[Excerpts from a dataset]
········

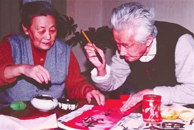 父母健在时,经常一起赏析诗词,母亲毛淑仁或读或抄,父亲周汝昌或书或释。记得2002年的春天,每到晚间,父亲即请母亲帮忙“做书童”,询问母亲写些什么词句好。母亲提议:“还是你的本行本业,就写题红楼的诗,岂不比别的更有意思?”这话触动了父亲的情怀,一时兴起,就答道:“好,你念一个红楼人名,我就题一首七言绝句,即席即兴,口占信笔,不打草,不停顿,不苦思冥索,不敷衍凑句,不引用自己原来的诗句……试试才思还能如昔时的‘倚马立成’否?”就这样,他们开始了这个“作业”计划。成果就是后来出版的《诗红墨翠(周汝昌咏红手迹)》书法集,收录了母亲亲定、父亲手书的120多幅诗词手迹。
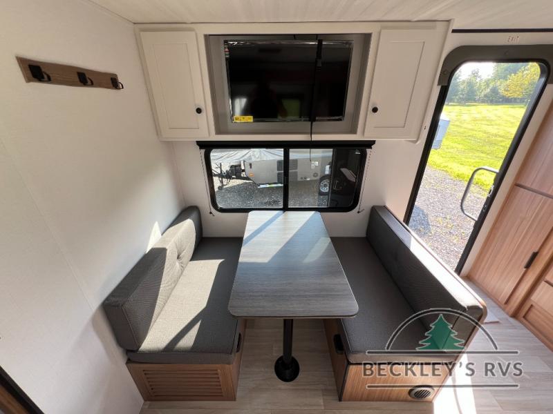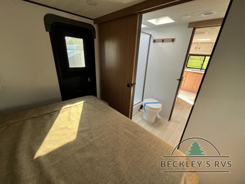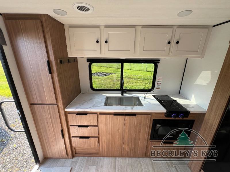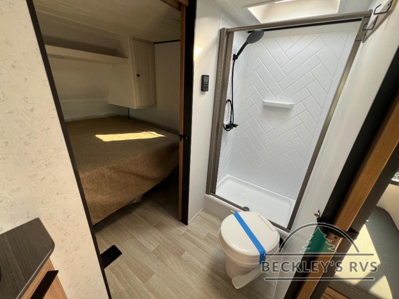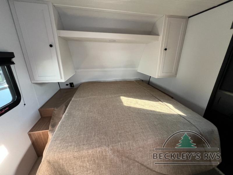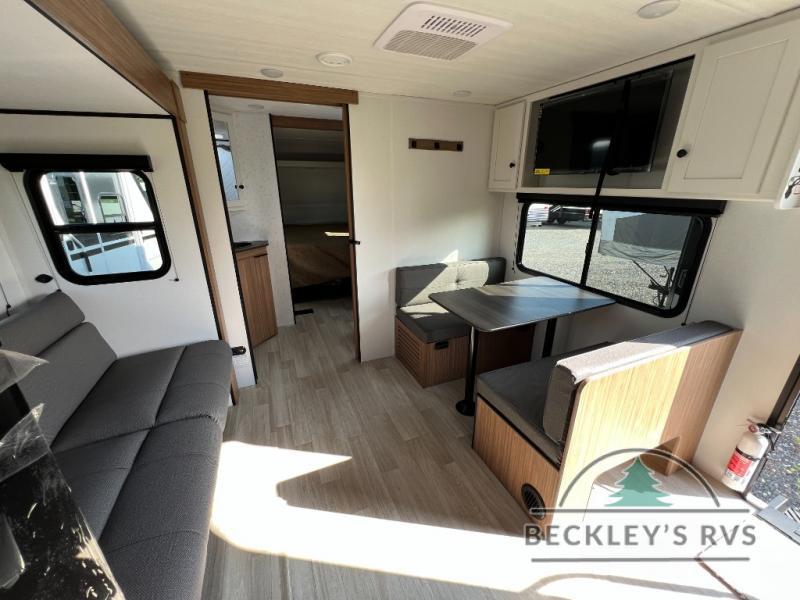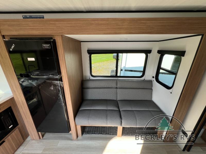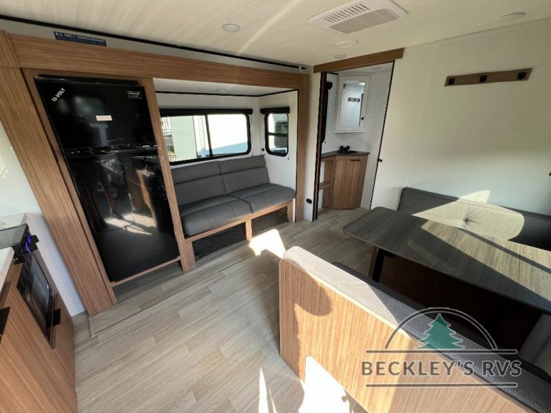 Camping trips in this spacious travel trailer will be trips well spent! With dual entry doors, you can enter in through the front private bedroom or the rear kitchen. Not only will find a walk-around queen bed in the bedroom, but you can also keep your things organized with the dual bedside wardrobes and nightstands. The walk-thru bath leads to the main living area that includes a jack knife sofa slide out and booth dinette. And the chef of your group will love cooking in the rear kitchen with a two burner cooktop, microwave oven, plus a pantry and 12V refrigerator for food storage!
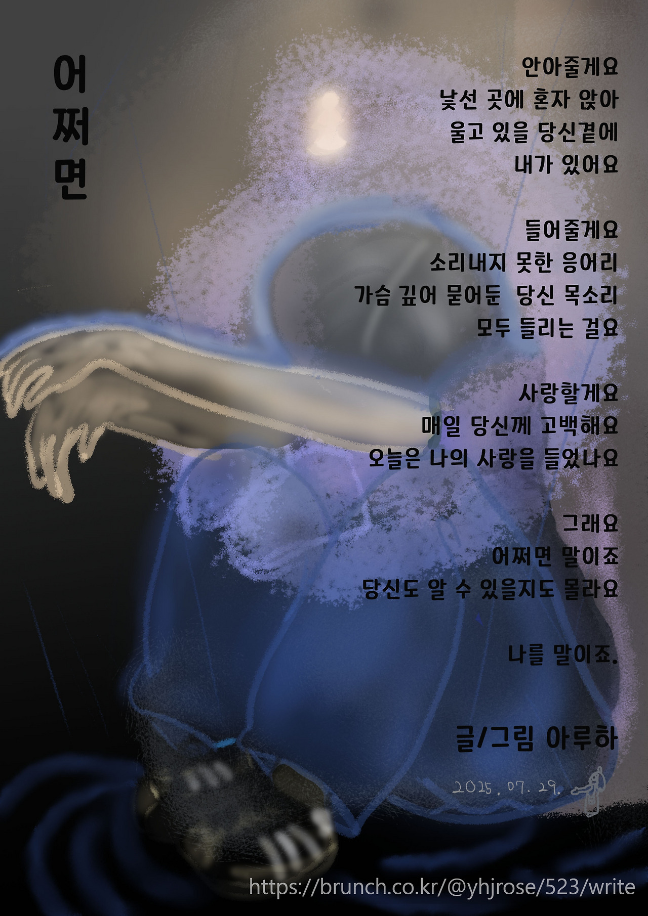 공들어 그렸다. 먼저 색을 칠하고, 그 위에 라인을 그렸다. 진짜 필요한 선만 그려 넣어서 마치 지금 이 사람이 얼마나 힘든지 알 수 있도록 노력했다. 뒤에서 앉아주는 존재는 모든 것이다. 요정일 수도 사람일 수도 바람일 수도 있다. 그저 당신이 혼자라고 생각되는 그 순간도 누군가 있다는 메시지를 담고 싶었을 뿐이다. 그래서 제목도 '안아줄게요'가 아니라 '어쩌면'이 맞다.
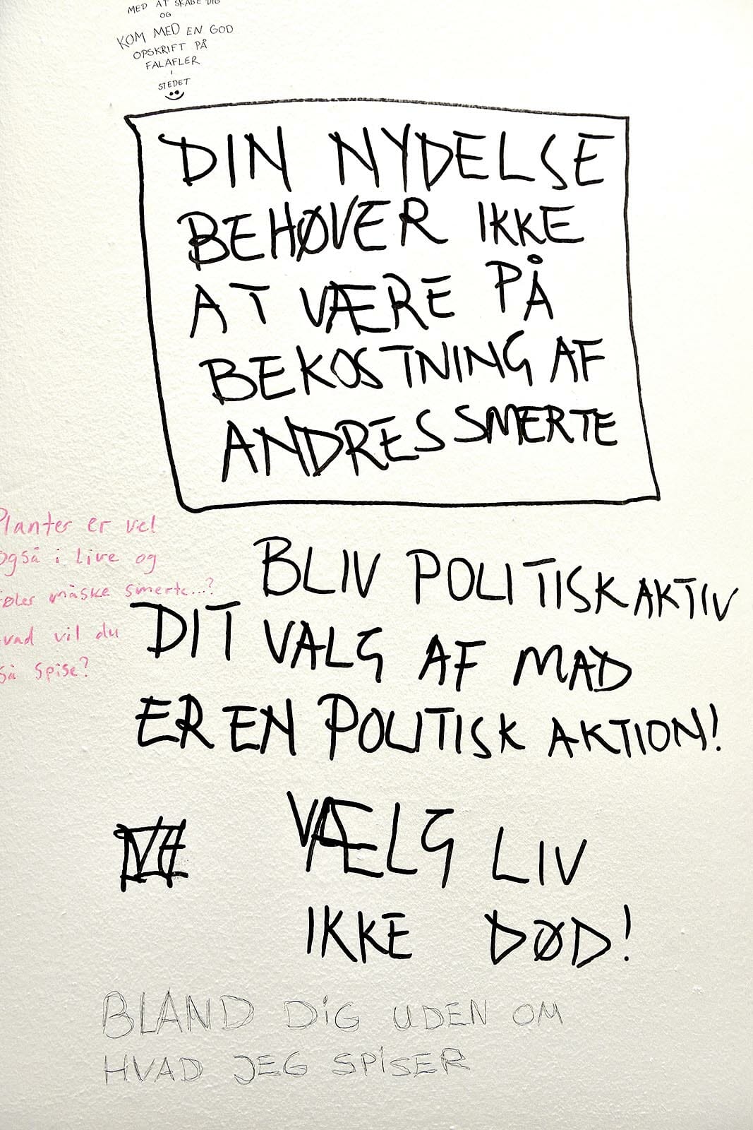 »DIN NYDELSE BEHØVER IKKE VÆRE PÅ BEKOSTNING AF ANDRES SMERTE« (hvortil der er svaret: »lad være med at skabe dig og kom med en god opskrift på falafler i stedet :)«)
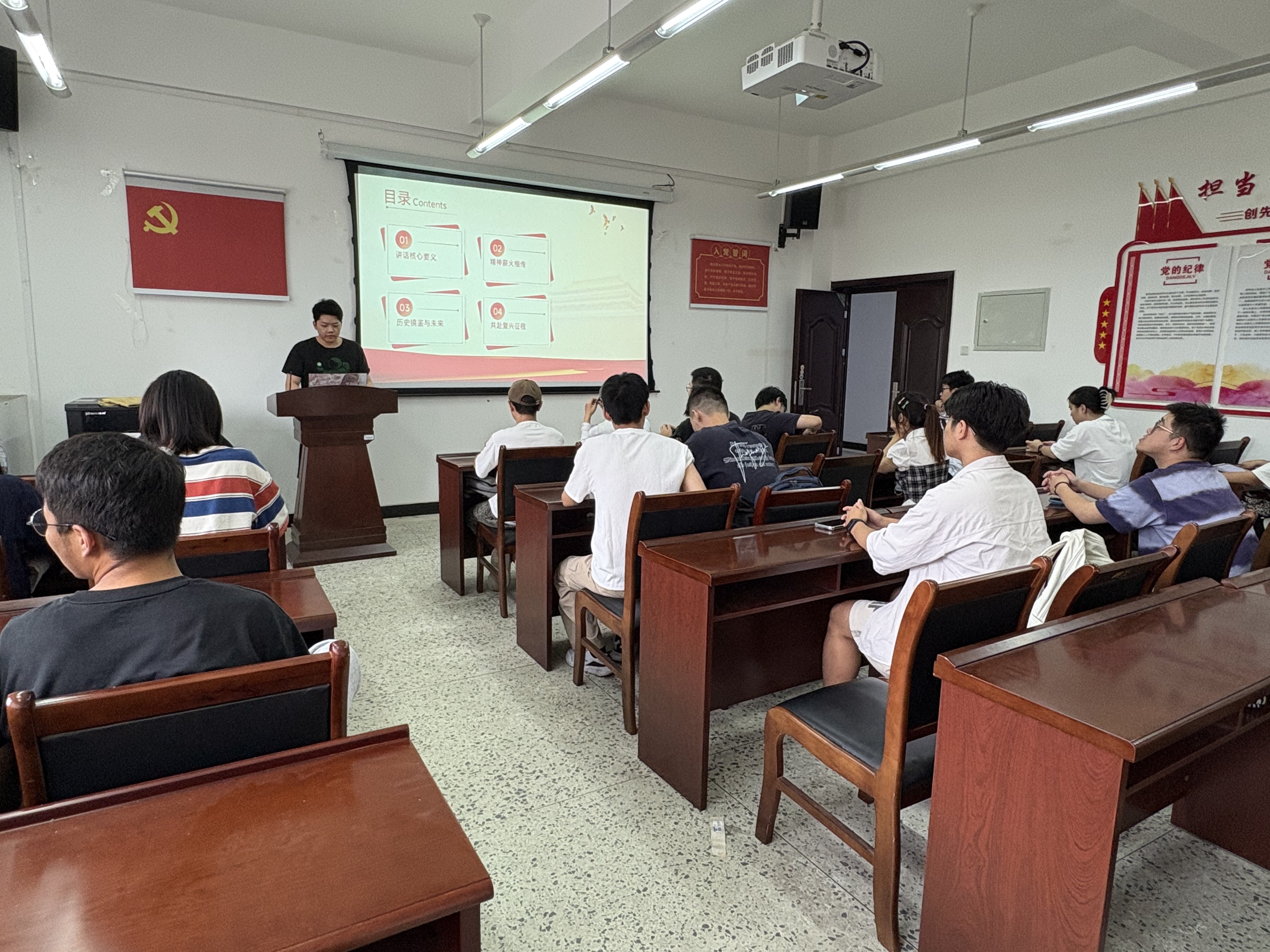 最后,支部书记张琴强调,全体党员应持续深化对重要讲话精神的学习,准确把握抗战精神的核心要义与实践要求,不断提升政治觉悟和思想水平,立足专业、奋发有为,以实际行动践行“请党放心、强国有我”的青春誓言,努力成长为担当民族复兴大任的时代新人。
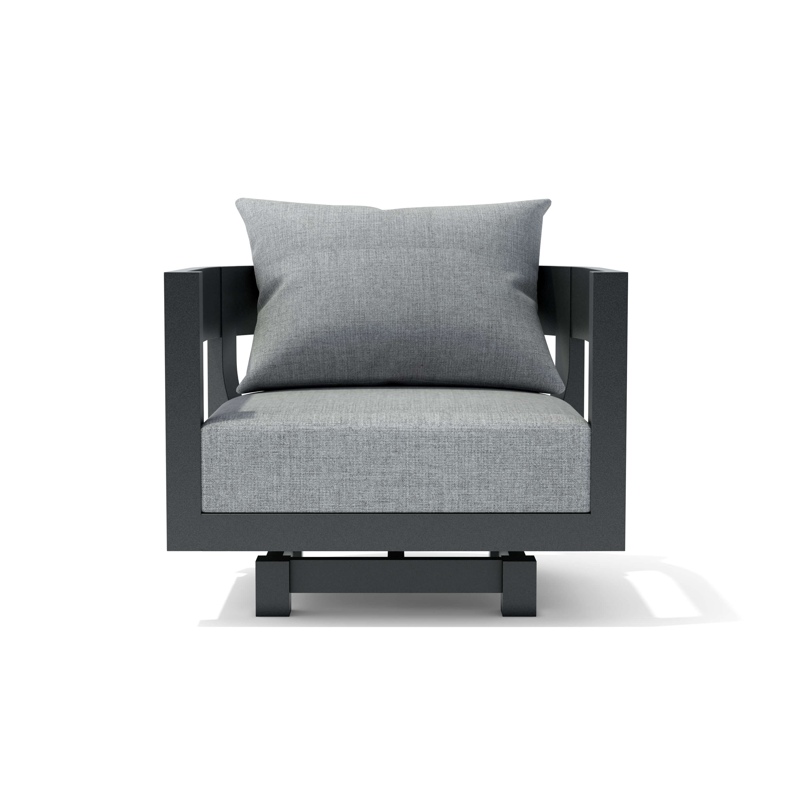 Enjoy the great outdoors in the comfort of your home with the Coronado Swivel Aluminum Armchair. Comfortable and stylish it features a smooth and seamless swivel mechanic that rotates to 360 Degrees of movement holding firmly in place at any position. Machine crafted from an aluminum frame, it’s powder coated and finished in a dark grey color. Shaped to an exquisite round curve design, it’s the perfect material suited to handle the outdoor weathers of rain, hail, or shine. Includes 6” thick deep seating cushion and pillow from All-Weather Sunbrella Fabrics with your choice of color option.
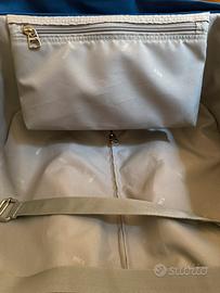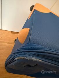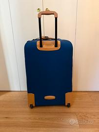 Valigia Trolley grande in tela azzurra con dettagli in pelle. Tasca esterna / tasca porta abiti con gruccia e busta porta scarpe. Altre tasche interne Lucchetto con doppia chiave Piccoli segni di usura visibili in foto 78 x 48 x 27
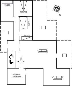 Et dejligt sommerhus beliggende på en klit, med god udsigt over området. Køleskab og separat fryser er placeret i bryggerset.
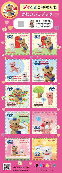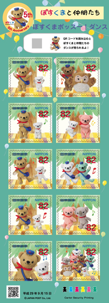 グリーティング切手「秋のグリーティング」(発行日は2012(平成24)年9月21日)から誕生したキャラクターである「ぽすくま」とその仲間たちをデザインしています。ぽすくまが初めて切手に登場してから今年で5年となるので、シート余白には、5周年を表すマークも入れています。
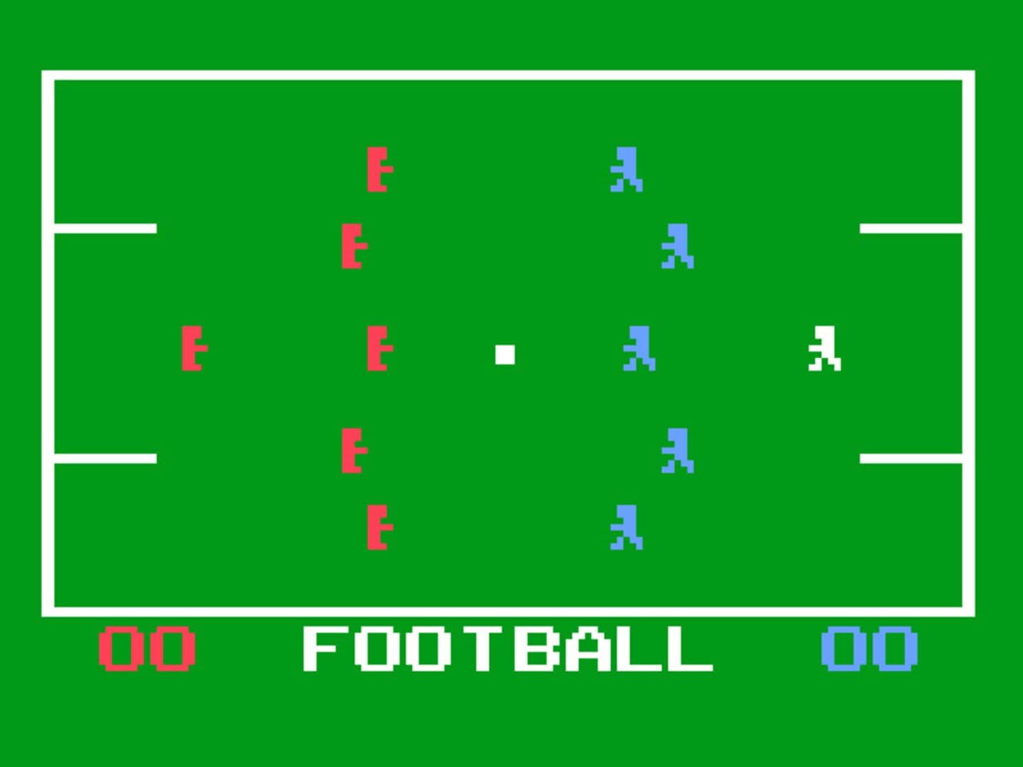 Two titles are available in this cart: Hockey!: five field players and one goalkeeper are displayed at each side of the field. The player closest to the puck will be displayed holding the hockey stick and will be controlled by using the joystick. The goalkeeper will follow his movements. Making body contact will immobilize the players, and they can be separated by using the directional stick. To shoot the puck, the action button must be pressed. The game lasts three periods of five minutes each. Soccer!: five field players and one goalkeeper are displayed at each side of the field. The player closest to the ball will be displayed flashing and will be controlled by using the joystick. The goalkeeper will follow his movements. Making body contact will immobilize the players, and they can be separated by using the directional stick. If too many players get in touch, the game will be stopped. The propelled when a player hits it with head or legs. Pressing the action button when touching the ball will propel it farther. The game lasts two periods of five minutes each.
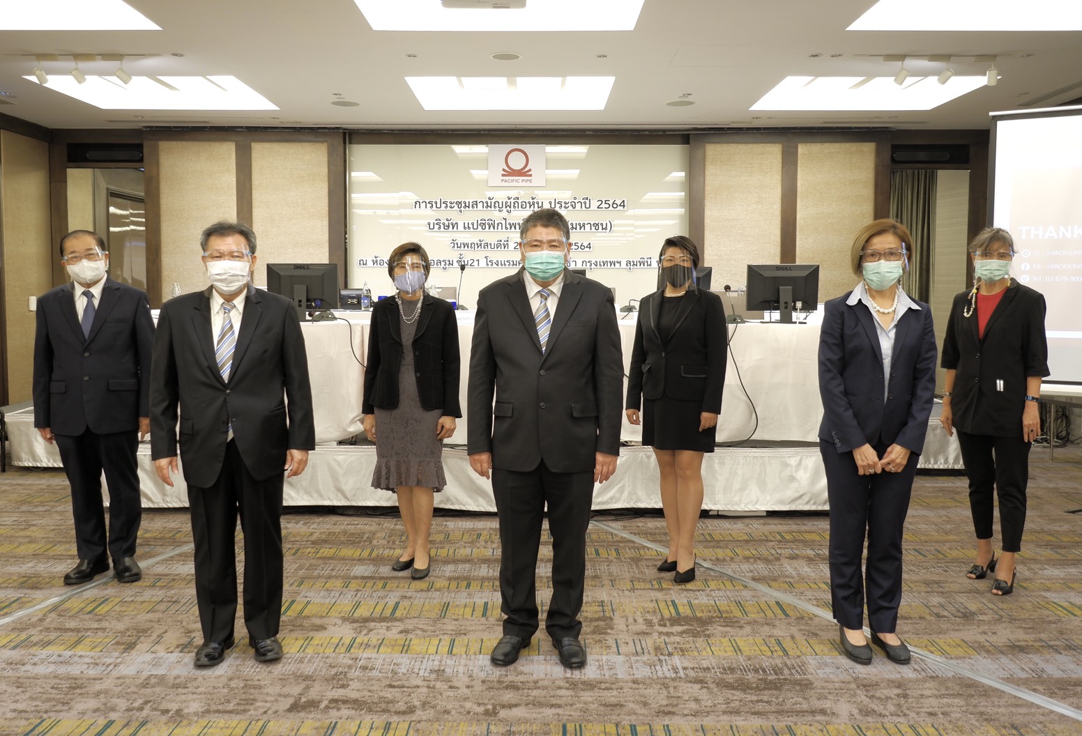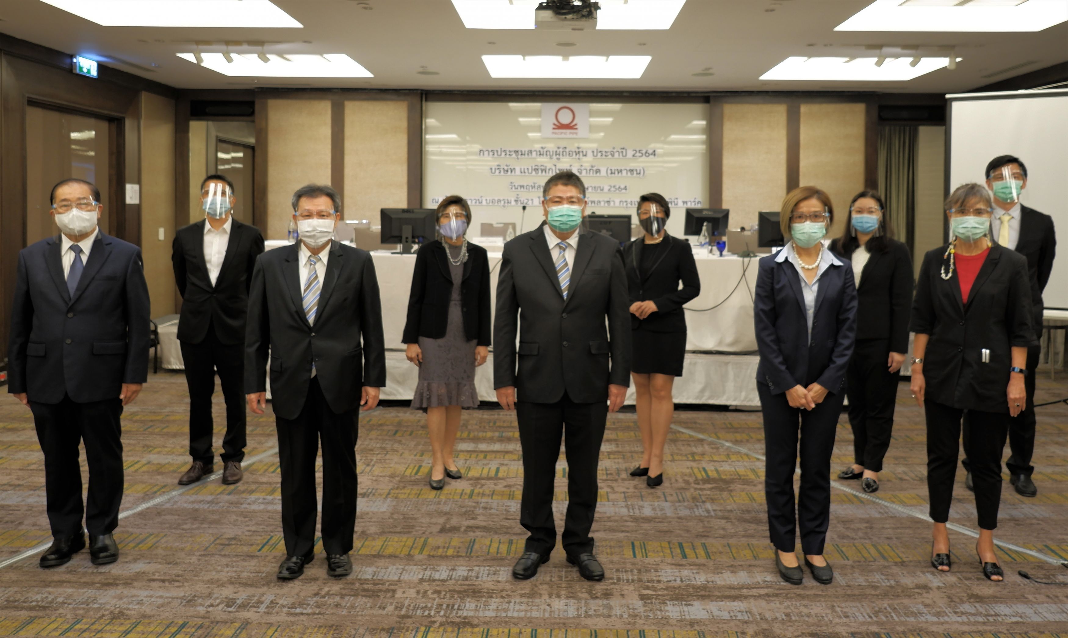 บริษัท แปซิฟิกไพพ์ จำกัด (มหาชน) หรือ PAP จัดประชุมสามัญผู้ถือหุ้นประจำปี 2564 นำโดย นายเกรียงไกร รักษ์กุลชน ประธานกรรมการบริษัทฯ (ยืนกลาง) นายสมชัย เลขะพจน์พานิช กรรมการบริษัทฯ (ที่ 2 จากซ้าย) นางเอื้อมพร ปัญญาใส ประธานเจ้าหน้าที่บริหาร(ที่ 2 จากขวา) พร้อมด้วยคณะกรรมการบริษัทฯ ผู้บริหารและพนักงานให้การต้อนรับพร้อมตอบข้อซักถามผู้ถือ เมื่อวันที่ 22 เมษายน 2564 ณ ห้องคราวน์ บอลรูม โรงแรม คราวน์พลาซ่า กรุงเทพฯ ลุมพินี พาร์ค

········

#### [What you should do]
Print exactly the lines running from the start of the entries above to the line with "最后,支部书记张琴强调,全体", both included; leave out any pictures.

#### [Completed task]
 父母健在时,经常一起赏析诗词,母亲毛淑仁或读或抄,父亲周汝昌或书或释。记得2002年的春天,每到晚间,父亲即请母亲帮忙“做书童”,询问母亲写些什么词句好。母亲提议:“还是你的本行本业,就写题红楼的诗,岂不比别的更有意思?”这话触动了父亲的情怀,一时兴起,就答道:“好,你念一个红楼人名,我就题一首七言绝句,即席即兴,口占信笔,不打草,不停顿,不苦思冥索,不敷衍凑句,不引用自己原来的诗句……试试才思还能如昔时的‘倚马立成’否?”就这样,他们开始了这个“作业”计划。成果就是后来出版的《诗红墨翠(周汝昌咏红手迹)》书法集,收录了母亲亲定、父亲手书的120多幅诗词手迹。
 Camping trips in this spacious travel trailer will be trips well spent! With dual entry doors, you can enter in through the front private bedroom or the rear kitchen. Not only will find a walk-around queen bed in the bedroom, but you can also keep your things organized with the dual bedside wardrobes and nightstands. The walk-thru bath leads to the main living area that includes a jack knife sofa slide out and booth dinette. And the chef of your group will love cooking in the rear kitchen with a two burner cooktop, microwave oven, plus a pantry and 12V refrigerator for food storage!
 공들어 그렸다. 먼저 색을 칠하고, 그 위에 라인을 그렸다. 진짜 필요한 선만 그려 넣어서 마치 지금 이 사람이 얼마나 힘든지 알 수 있도록 노력했다. 뒤에서 앉아주는 존재는 모든 것이다. 요정일 수도 사람일 수도 바람일 수도 있다. 그저 당신이 혼자라고 생각되는 그 순간도 누군가 있다는 메시지를 담고 싶었을 뿐이다. 그래서 제목도 '안아줄게요'가 아니라 '어쩌면'이 맞다.
 »DIN NYDELSE BEHØVER IKKE VÆRE PÅ BEKOSTNING AF ANDRES SMERTE« (hvortil der er svaret: »lad være med at skabe dig og kom med en god opskrift på falafler i stedet :)«)
 最后,支部书记张琴强调,全体党员应持续深化对重要讲话精神的学习,准确把握抗战精神的核心要义与实践要求,不断提升政治觉悟和思想水平,立足专业、奋发有为,以实际行动践行“请党放心、强国有我”的青春誓言,努力成长为担当民族复兴大任的时代新人。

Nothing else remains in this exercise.